Data in this exercise>
■ ■ ■ ■

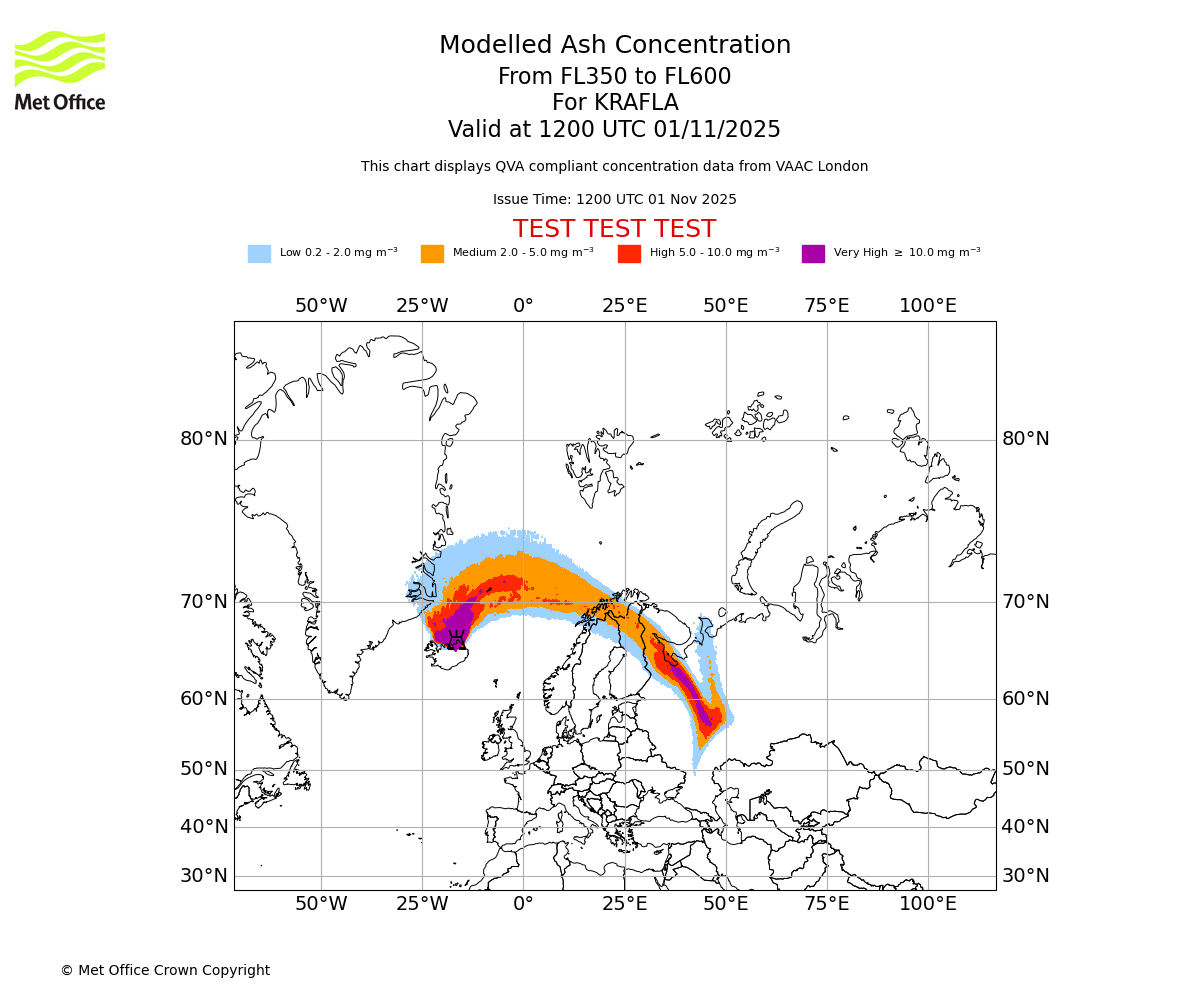 In accordance with ICAO Annex 3, Amendment 82 VAAC London will provide operational QVA forecasts from 27 November 2025 and these will be made available via a VAAC London QVA API information service. These charts are currently provided for test and evaluation purposes (not for operational use) until the introduction of the operational service.
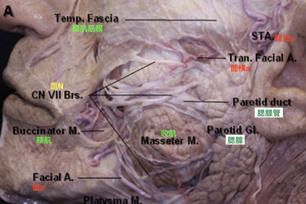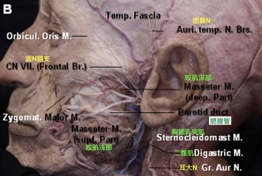 皮肤和皮下组织切除以显露腮腺以及其深面走行的供应面部肌肉的面神经分支(Joo 2013)。
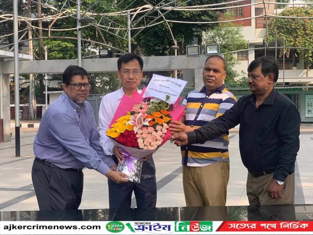 জনাব সুদত্ত চাকমা উপজাতীয় শরণার্থী বিষয়ক টাস্কফোর্সের চেয়ারম্যান (সিনিয়র সচিব পদমর্যাদা) নিযুক্ত লাভ করায় আজ রাজধানীর ধানমন্ডি ৩২ নম্বরে জাতির পিতা বঙ্গবন্ধু শেখ মুজিবুর রহমান-এর স্মৃতি সমাধিতে যথাযোগ্য মর্যাদায় শ্রদ্ধা নিবেদন করেন। তিনি বঙ্গবন্ধু শেখ মুজিবুর রহমান-এর স্মৃতিস্তম্ভে পুষ্পস্তবক অর্পণ করেন এবং ৩২ নম্বর বাসভবনে রক্ষিত পরিদর্শন বইয়ে তাঁর মন্তব্য লিপিবদ্ধ করেন। এসময় বঙ্গবন্ধু স্মৃতি সৌধ ও যাদুঘর-এর প্রশাসনিক কর্মকর্তা ইয়াসমীন আক্তার, বাংলাদেশ বৌদ্ধ ধর্মীয় কলাণ ট্রাস্টের ভাইস চেয়ারম্যান সুপ্ত বড়ুয়া এবং পার্বত্য চট্টগ্রাম বিষয়ক মন্ত্রণালয়ের কর্মকর্তা-কর্মচারীগণ উপস্থিত ছিলেন। আগামিকাল ০২ তারিখ তিনি গোপালগঞ্জ জেলার টুঙ্গিপাড়ায় জাতির পিতা বঙ্গবন্ধুর সমাধি সৌধে যথাযোগ্য মর্যাদায় সম্মান প্রদর্শন করার উদ্যোগ নিয়েছেন।
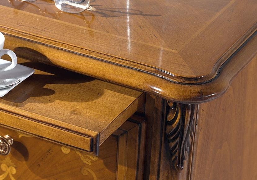 Le facciate dei due cassetti (in legno listellare lavorato a coda di rondine) compongono un disegno di delicati intarsi raccolti dentro una cornice in massello sopra il quale un utile e discreto tiretto fa bella presenza di sé appena sotto il top, arrotondato negli angoli e a sua volta intarsiato con pregiate essenze di legno dalle meravigliose venature.
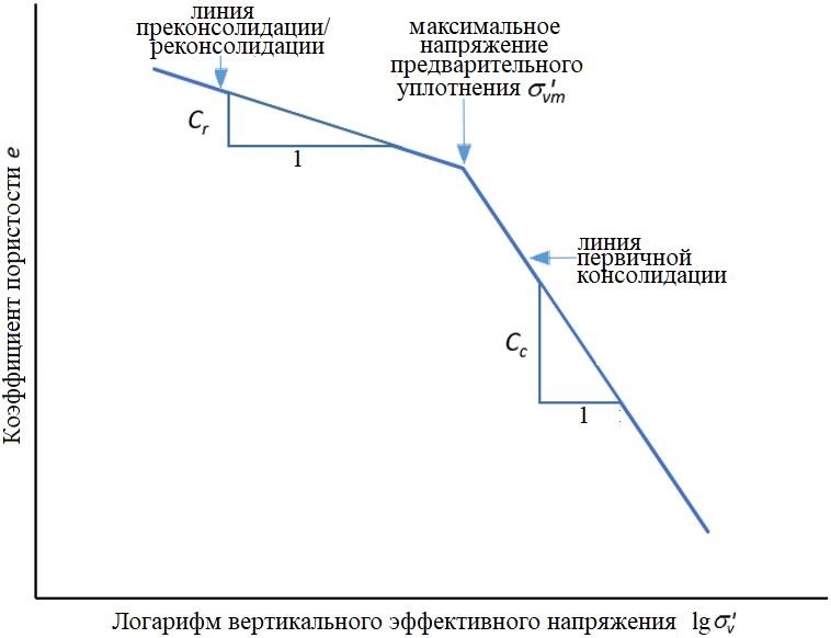 Осадка слоя глины может быть традиционно оценена на основе консолидационных испытаний образцов в приборах компрессионного сжатия (в условиях одномерной консолидации). На рисунке 1 показана идеализированная полулогарифмическая компрессионная кривая – скорректированный график изменений коэффициента пористости (вертикальная ось) в зависимости от вертикального эффективного напряжения (горизонтальная ось, логарифмический масштаб).
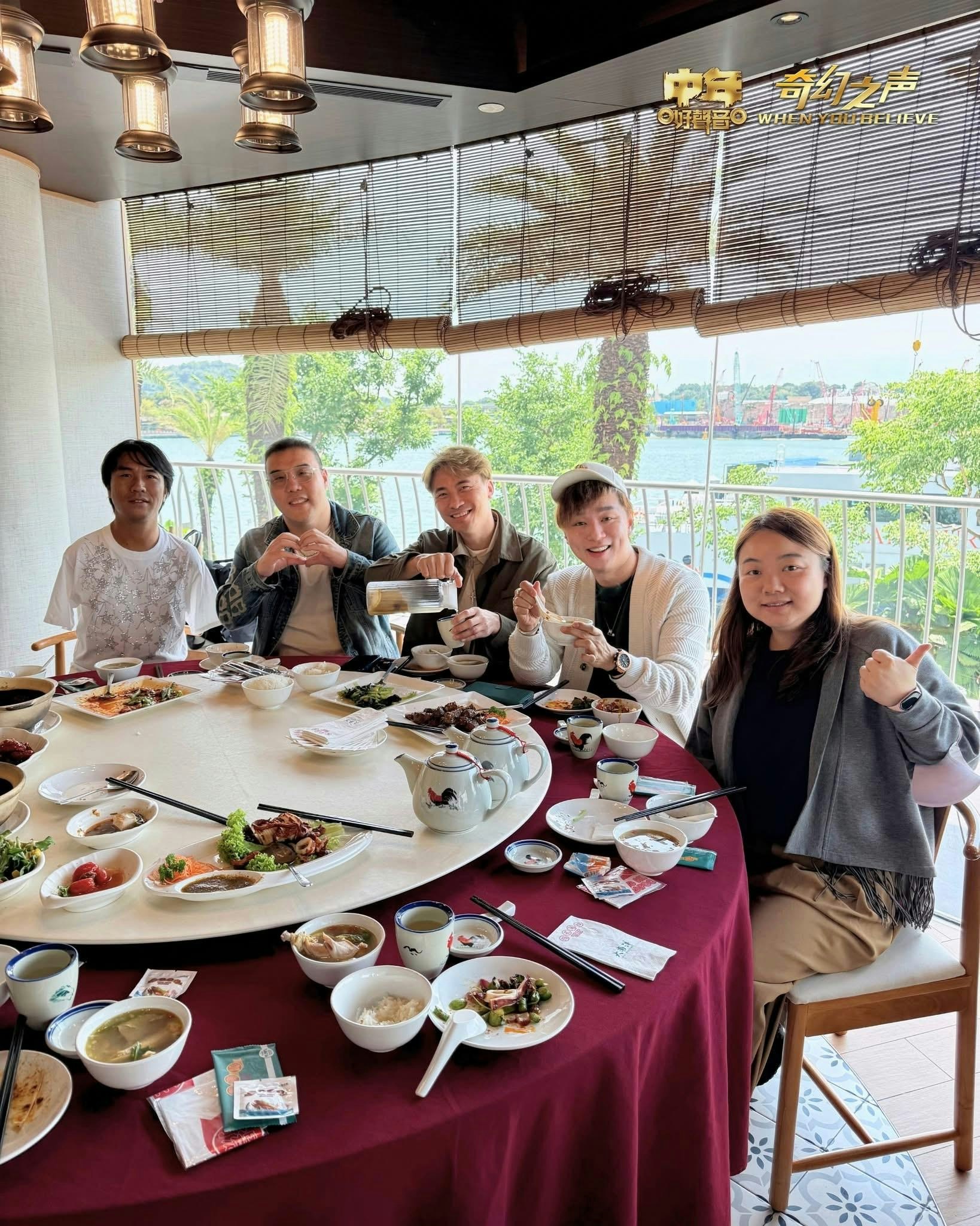 一班《中年好聲音》家族在台前勁歌熱舞,台下老友鬼鬼,演出前一同享受新加坡美食。(公關提供)
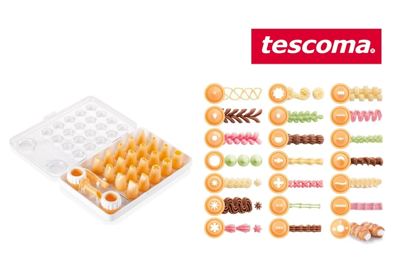 A készlet 20 darab díszítőfejet, 1 töltőfejet, tisztító kefét és 2 adaptert tartalmaz. A fejek számokkal
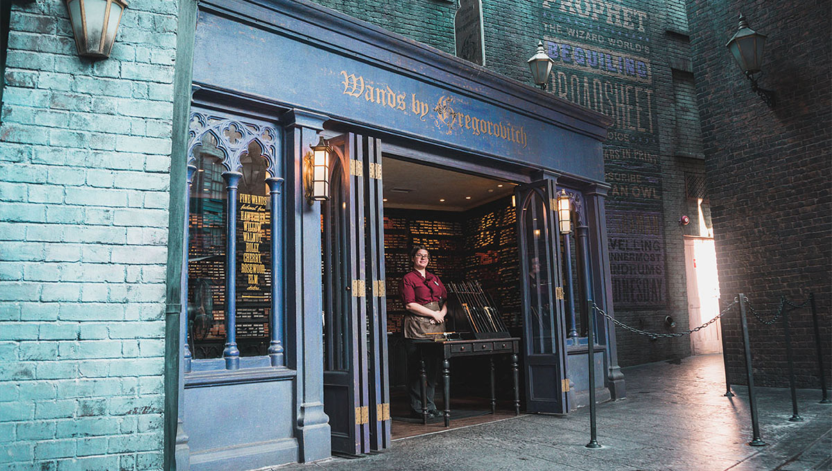 No The Wizarding World of Harry Potter – Diagon Alley, você pode encontrar varinhas interativas no Ollivanders…
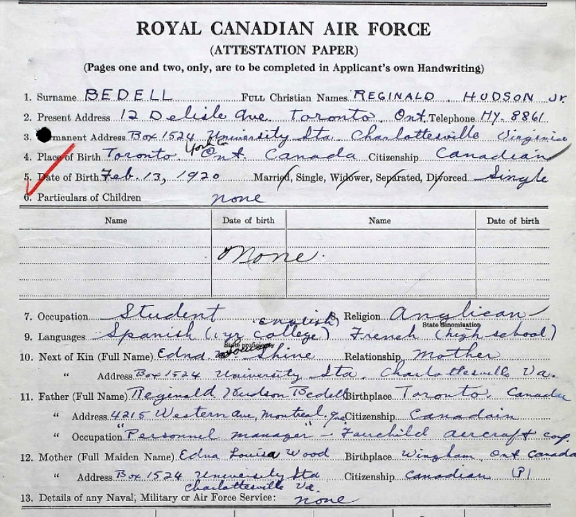 Galerie numérique de Sous-lieutenant d'aviation Reginald Hudson Bedell
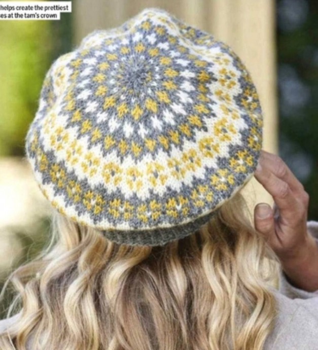 Берет жаккардовым узором спицами
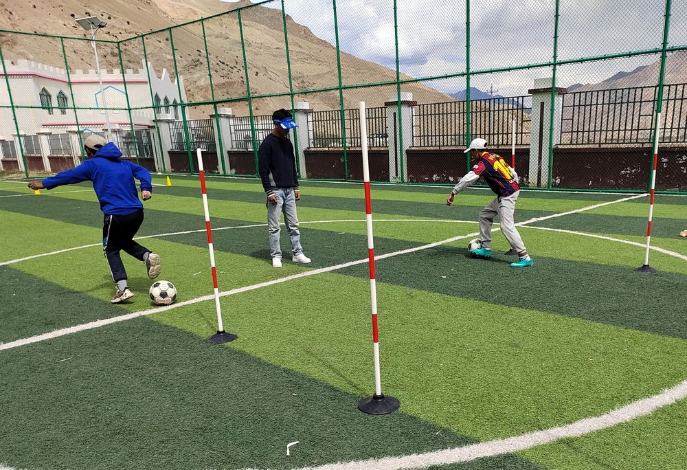 孩子們就在珠峰的陪伴下踢球
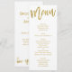 White and gold wedding menu custom invitations with gold foil effect (faux, printed as an image) text printed on white background
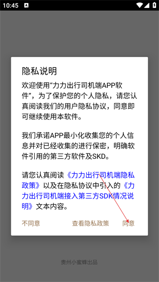 1、首次打开APP,阅读《隐私说明》后点击【同意】,完成隐私协议授权,进入登录界面。
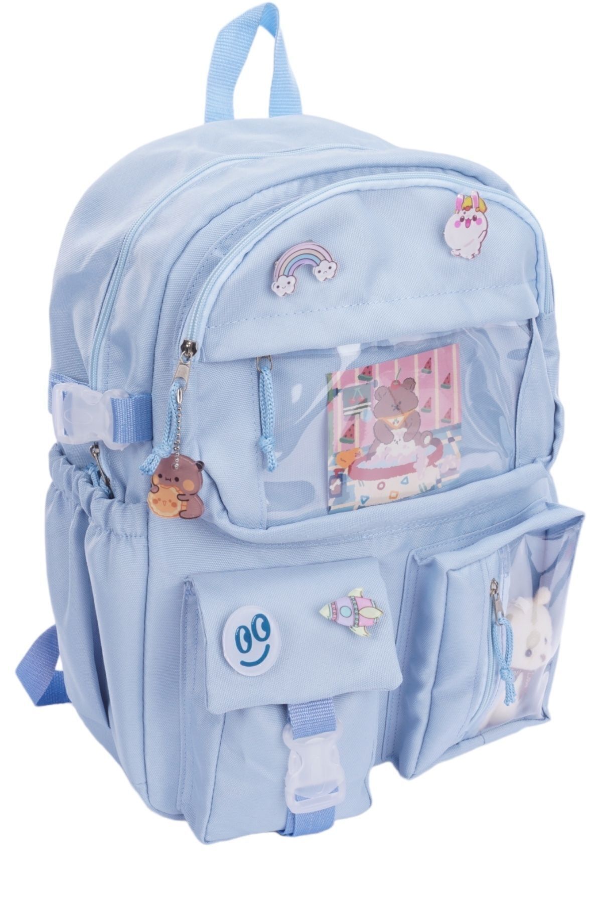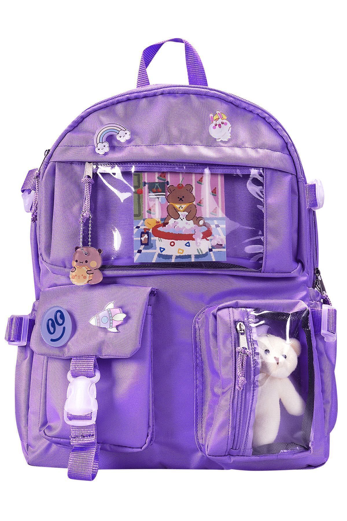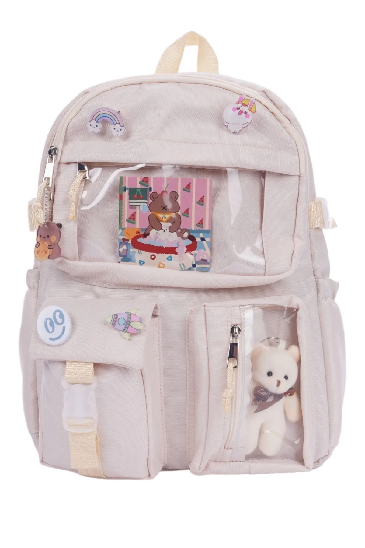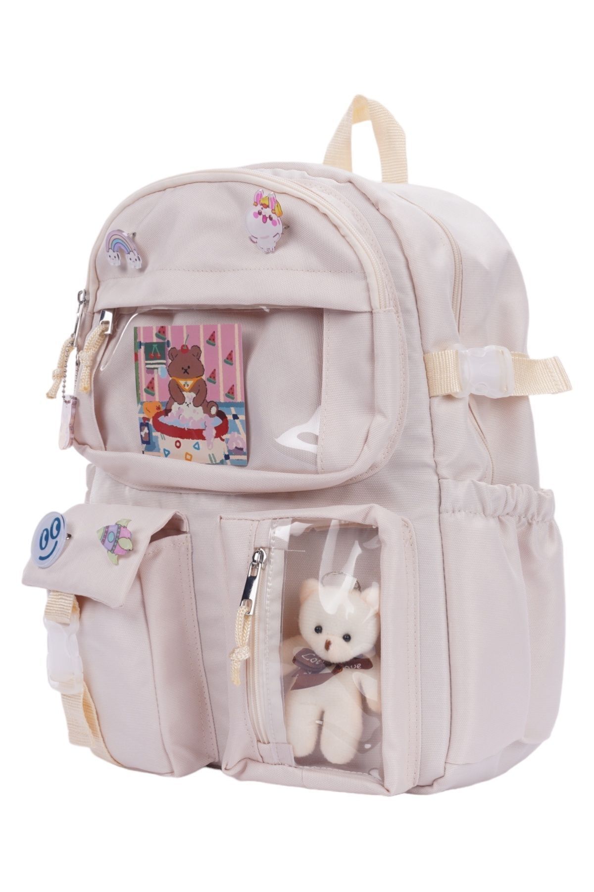 کوله پشتی مدرسه ای سبک کره ای Roomys Kawaii با لوازم جانبی و خرس عروسکی

■ ■ ■ ■

Task> Without the pictures, retype the whole of the material above exactly.

Output for this exercise>
 In accordance with ICAO Annex 3, Amendment 82 VAAC London will provide operational QVA forecasts from 27 November 2025 and these will be made available via a VAAC London QVA API information service. These charts are currently provided for test and evaluation purposes (not for operational use) until the introduction of the operational service.
 皮肤和皮下组织切除以显露腮腺以及其深面走行的供应面部肌肉的面神经分支(Joo 2013)。
 জনাব সুদত্ত চাকমা উপজাতীয় শরণার্থী বিষয়ক টাস্কফোর্সের চেয়ারম্যান (সিনিয়র সচিব পদমর্যাদা) নিযুক্ত লাভ করায় আজ রাজধানীর ধানমন্ডি ৩২ নম্বরে জাতির পিতা বঙ্গবন্ধু শেখ মুজিবুর রহমান-এর স্মৃতি সমাধিতে যথাযোগ্য মর্যাদায় শ্রদ্ধা নিবেদন করেন। তিনি বঙ্গবন্ধু শেখ মুজিবুর রহমান-এর স্মৃতিস্তম্ভে পুষ্পস্তবক অর্পণ করেন এবং ৩২ নম্বর বাসভবনে রক্ষিত পরিদর্শন বইয়ে তাঁর মন্তব্য লিপিবদ্ধ করেন। এসময় বঙ্গবন্ধু স্মৃতি সৌধ ও যাদুঘর-এর প্রশাসনিক কর্মকর্তা ইয়াসমীন আক্তার, বাংলাদেশ বৌদ্ধ ধর্মীয় কলাণ ট্রাস্টের ভাইস চেয়ারম্যান সুপ্ত বড়ুয়া এবং পার্বত্য চট্টগ্রাম বিষয়ক মন্ত্রণালয়ের কর্মকর্তা-কর্মচারীগণ উপস্থিত ছিলেন। আগামিকাল ০২ তারিখ তিনি গোপালগঞ্জ জেলার টুঙ্গিপাড়ায় জাতির পিতা বঙ্গবন্ধুর সমাধি সৌধে যথাযোগ্য মর্যাদায় সম্মান প্রদর্শন করার উদ্যোগ নিয়েছেন।
 Le facciate dei due cassetti (in legno listellare lavorato a coda di rondine) compongono un disegno di delicati intarsi raccolti dentro una cornice in massello sopra il quale un utile e discreto tiretto fa bella presenza di sé appena sotto il top, arrotondato negli angoli e a sua volta intarsiato con pregiate essenze di legno dalle meravigliose venature.
 Осадка слоя глины может быть традиционно оценена на основе консолидационных испытаний образцов в приборах компрессионного сжатия (в условиях одномерной консолидации). На рисунке 1 показана идеализированная полулогарифмическая компрессионная кривая – скорректированный график изменений коэффициента пористости (вертикальная ось) в зависимости от вертикального эффективного напряжения (горизонтальная ось, логарифмический масштаб).
 一班《中年好聲音》家族在台前勁歌熱舞,台下老友鬼鬼,演出前一同享受新加坡美食。(公關提供)
 A készlet 20 darab díszítőfejet, 1 töltőfejet, tisztító kefét és 2 adaptert tartalmaz. A fejek számokkal
 No The Wizarding World of Harry Potter – Diagon Alley, você pode encontrar varinhas interativas no Ollivanders…
 Galerie numérique de Sous-lieutenant d'aviation Reginald Hudson Bedell
 Берет жаккардовым узором спицами
 孩子們就在珠峰的陪伴下踢球
 White and gold wedding menu custom invitations with gold foil effect (faux, printed as an image) text printed on white background
 1、首次打开APP,阅读《隐私说明》后点击【同意】,完成隐私协议授权,进入登录界面。
 کوله پشتی مدرسه ای سبک کره ای Roomys Kawaii با لوازم جانبی و خرس عروسکی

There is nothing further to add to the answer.